24th January 2024 - Senator Micheál Carrigy

A commitment to establish a pilot ‘One-Stop-Shop’ to offer support and service pathways to autistic adults and children is extremely welcome, according to Fine Gael Senator Micheal Carrigy.

Senator Carrigy said Government support for the development of an integrated, accessible community-based model of support, similar to what is in operation in Scotland, is positive.

Senator Carrigy, Chair of the All Party Parliamentary Group on Autism, said: “The Joint Committee on Autism was established in February 2022 and heard from multiple stakeholders on how to improve services and supports for autistic people.

“In a report published last June following 23 meetings, the Committee made several recommendations that we would like to see adopted by Government.

“One of those includes the introduction of a One-Stop-Shop programme where autistic people and those who have not yet received a diagnosis can receive information and can link in with the services they require.

“In the Seanad this week, I raised the need for funding for a pilot One-Stop-Shop to support autistic adults and children both before and after their diagnosis, similar to centres which have been successful in Scotland.
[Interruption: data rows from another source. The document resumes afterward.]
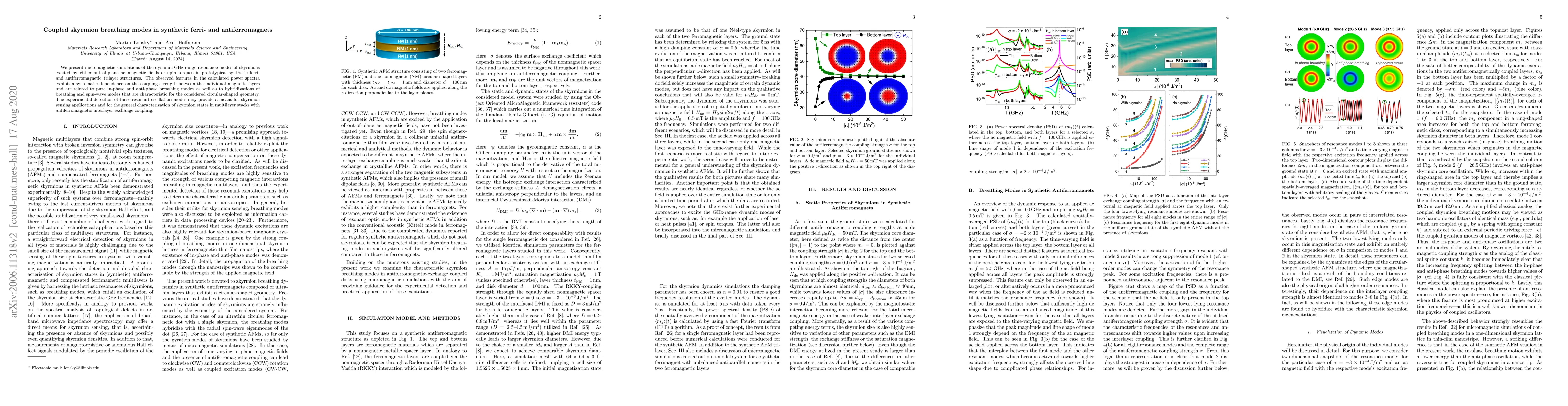 This paper uses micromagnetic simulations to study GHz-range resonance modes of skyrmions in synthetic ferri- and antiferromagnetic trilayer structures, revealing distinct breathing modes dependent on interlayer coupling. The findings suggest potential applications in skyrmion sensing and characterization of skyrmion states in multilayer systems.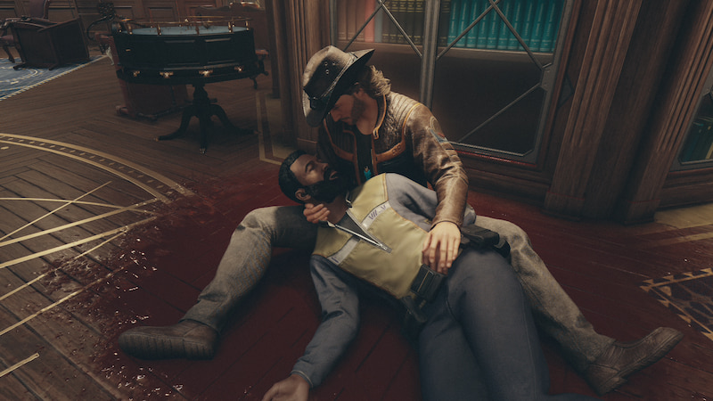 Head back to New Atlantis and back into the Lodge, where you previously left Barrett and the others. Vasco is in rough shape but not critically damaged. He tells you that Noel escaped with the artifacts while everyone else tried to hold off the Hunter, who was able to utilize some cloaking. Sam will mourn Barrett, who dies in the attack.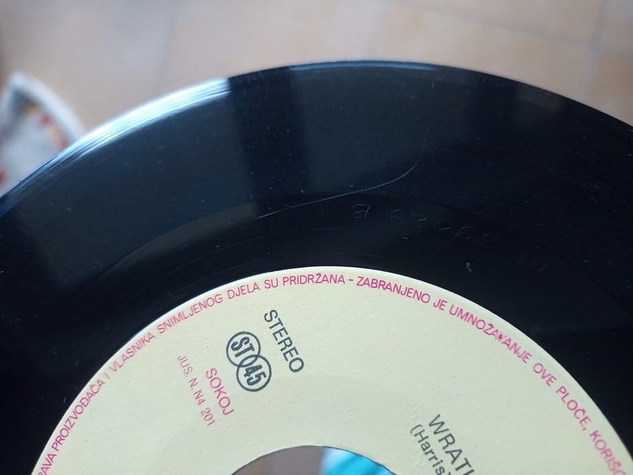 Pogledajte priložene fotografije oglašenog primjerka i YouTube video, koji sadrži iste fotografije veće razlučivosti i autentičnu snimku zvuka s početka prve strane, napravljenu amaterskom opremom. Ploča je u potpunosti poslušana, svira bez preskoka igle i stalno daje zvuk otprilike onakav kakav je u spomenutoj snimci, ovisno o kvaliteti opreme kojom se zvuk reproducira. Glede ogrebotina, neke su upadljive, ali sve su plitke i bezutjecajne na zvuk. Uzdužna oštećenja brazdi nisu upadljiva, uzrokuju pozadinski šum, tiho pucketanje i umjerenu distorziju zvuka. Ostalo o stanju oglašenog predmeta govore fotografije i video.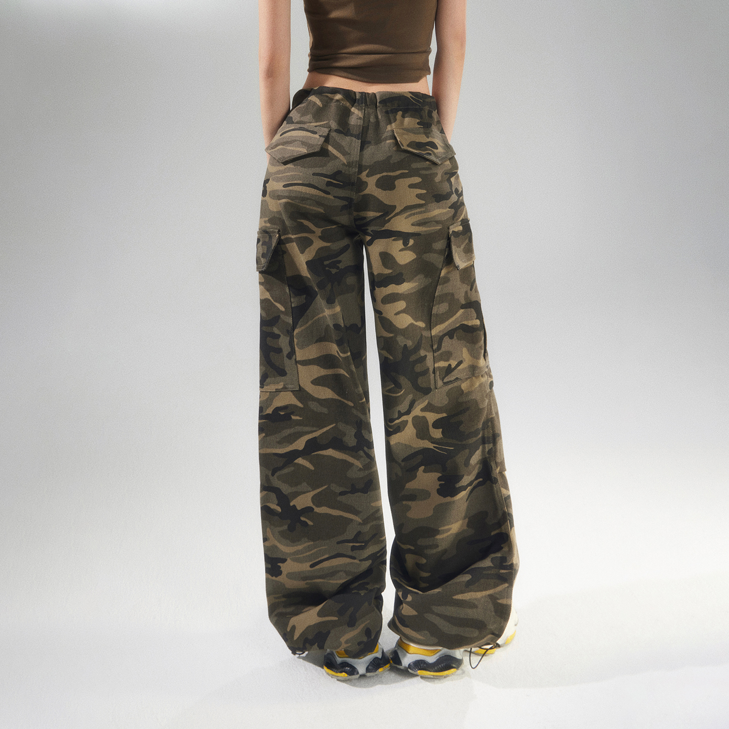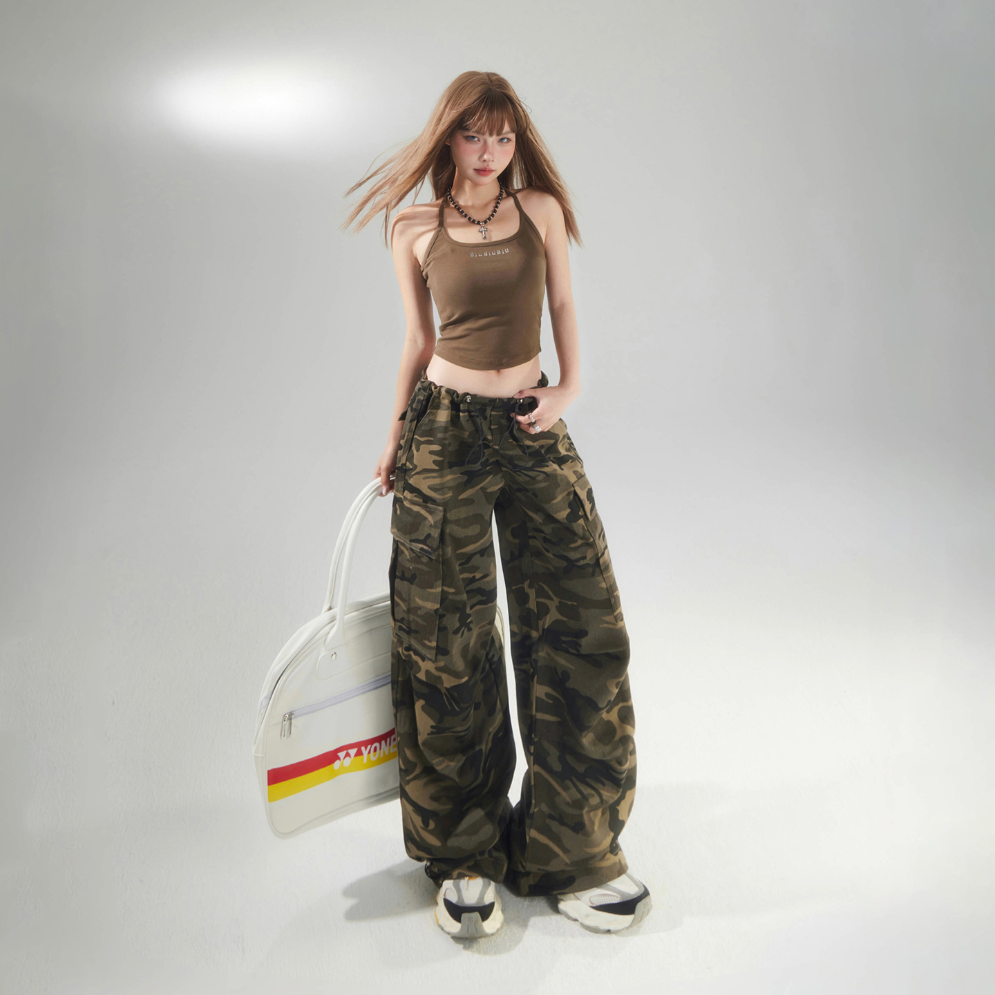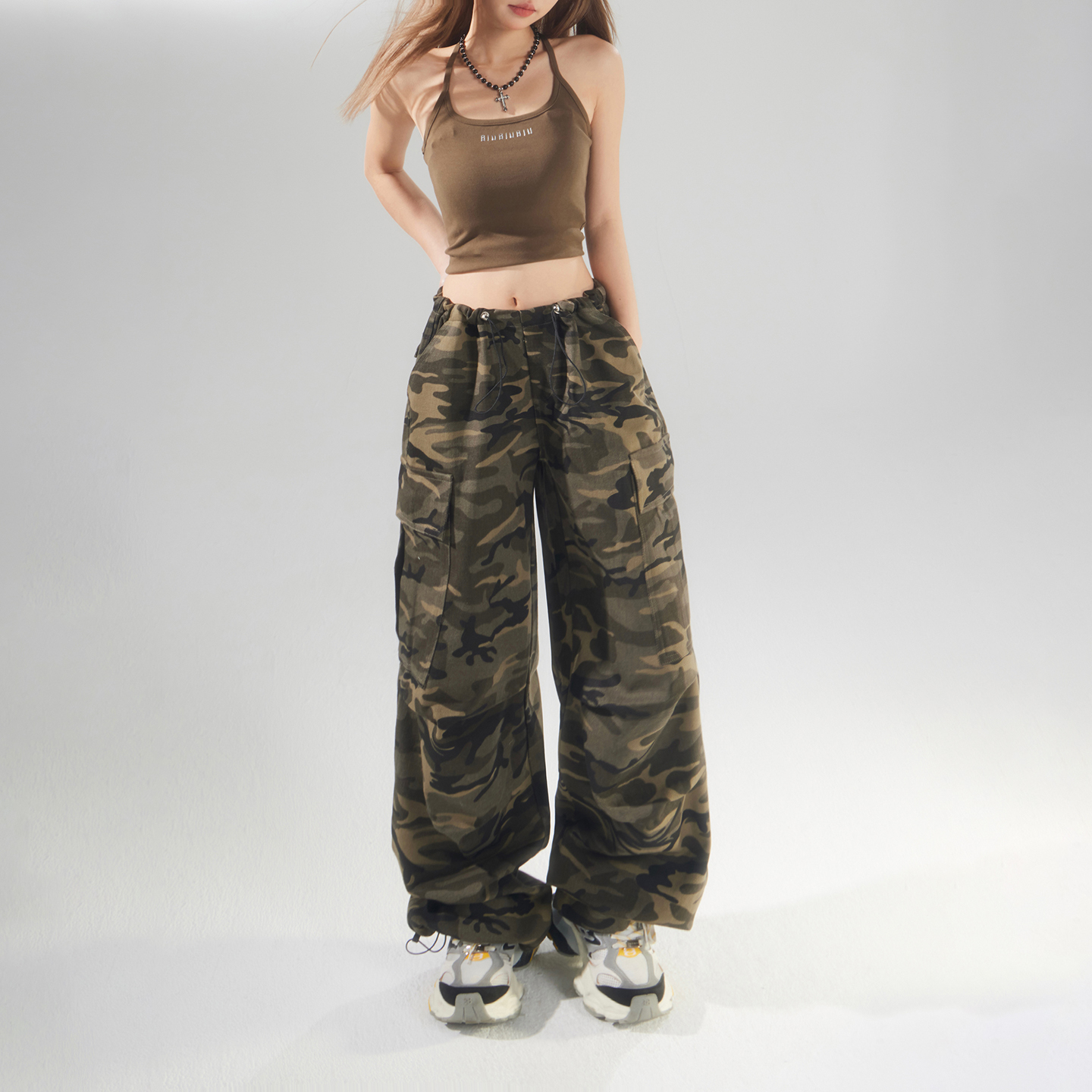 美式复古宽松迷彩阔腿裤高街调节腰束脚百搭工装裤休闲裤女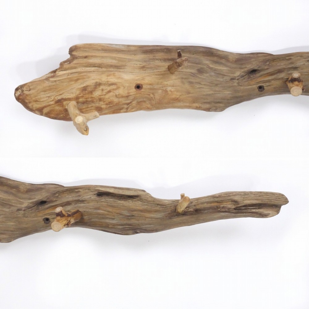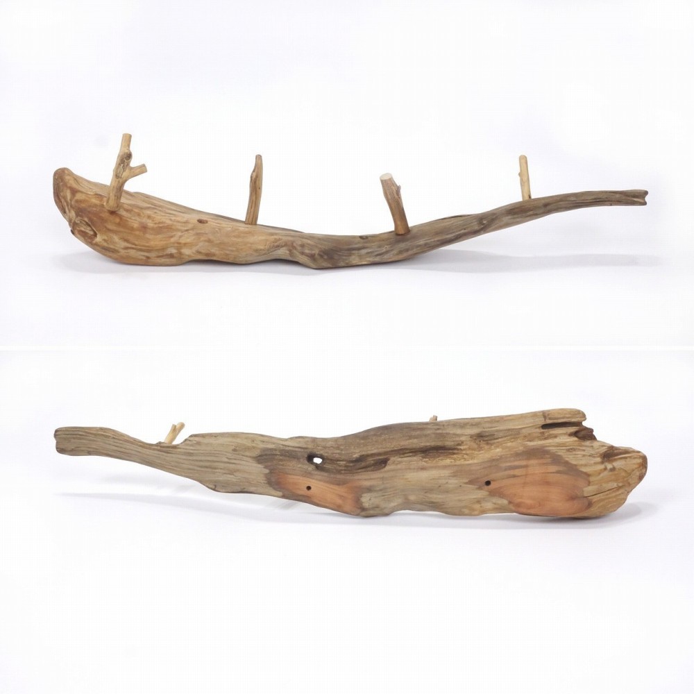 4本の飛び出るフックは 枝流木、4本とも 先に小さな枝分かれがあり、掛けているものの止めとなります。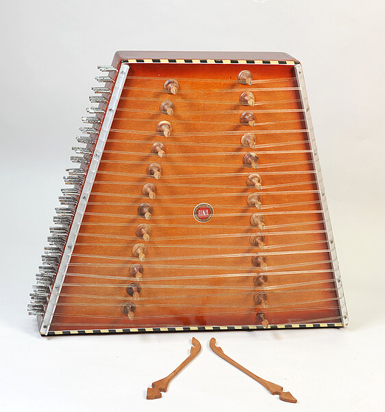 Santoor (der, seltener das). Symmetrisch trapezförmige Kastenzither (Hackbrett). Der Typ wurde aus dem persischen Raum übernommen, vgl. Santur De 130. In die hindustanische Raga-Musik Instrument wurde das Instrument durch den Kashmir-Musiker Shiv Kumar Sharma (1938–2022) eingeführt, der der berühmteste Exponent des Instruments war. Obwohl es sie immer in der indischen Hofmusik gab, waren Saiteninstrumente mit fixierter Tonhöhe, in der jüngeren Geschichte nicht prominent vertreten wegen des stilistischen Ideals eines von Vokaltechniken abgeleiteten Portamentos. Der indische Santoor hat keine festgelegte Stimmung, sondern wird (in drei Oktavregistern) je nach erfordertem Raga umgestimmt. Möglich sind sowohl diatonische wie chromatische Stimmungen.

“In response, Minister of State with Special Responsibility for Disabilities Anne Rabbitte said she supported a pilot programme One-Stop-Shop. The Minister said she and Government would support the development of an integrated, accessible community-based model of support that was recommended by the Oireachtas committee.

“It is understood the HSE will soon be awarding a new round of grants and there could be an opportunity to provide the community-based model. It is hoped that other recommendations made by the Committee may also be actioned.

“Charities such as AsIAm provide guidance, an information line and other supports to the autistic community, but there is no public service where autistic people can get information on how to access services.

“A model has been piloted in Scotland where a One-Stop-Shop offers advice and information to autistic people as well as linking in with other services. These One-Stop-Shops offer information, signpost or refer on to specialist services and also offer peer group support.

“Global support group Thriving Autistic currently offers a clinician-led model of peer support where an occupational therapist or psychologist facilitates weekly and monthly meetings.

“A One-Stop-Shop could provide a service to autistic adults who do not require one to one support from clinicians regularly. It would also be essential in providing guidance to parents and guardians in finding care for their children,” Senator Carrigy said.